Note that you must fork your service in your init script, otherwise your script doesn't exit, in this example start-stop-daemon does forking (--background) and changing user (--chuid). To study how other services are started in your system using init scripts you can study the files in /etc/init.d/.

To enable the service to start at boot time, run update-rc.d jenkins enable. To start the service run your new script /etc/init.d/jenkins start.

LSB compatible init scripts are also systemd backwards compatible. Remember to source /lib/lsb/init-functions for systemctl to work transparently when executing the script directly.
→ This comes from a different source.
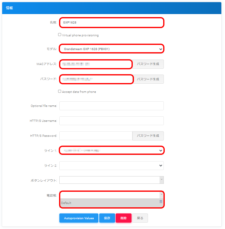 ここで説明している作成方法で選択した項目は、固定電話機「GXP1628」でのみ連携が可能です。各種連携方法については下記のリンク先を参照ください。

Debian wiki for LSBInitScripts provides more details about available options, such as starting the service after/before other service.

2
  • Thank you! I have added additional information to my original post about systemd vs. init. Is the command you gave, systemctl daemon-reload && systemctl start jenkins.service, intended to be run from the command line so I can start the service without rebooting? Or, is it intended to be inserted into some startup script, so that the service will start upon rebooting?
    – Dave
    Aug 2, 2017 at 16:55
  • Edited my answer to include sysv init script example. systemctl daemon-reload loads the new unit file. To start/stop/query your service in systemd you can use systemd start/stop/status jenkins.service respectively (without reboot).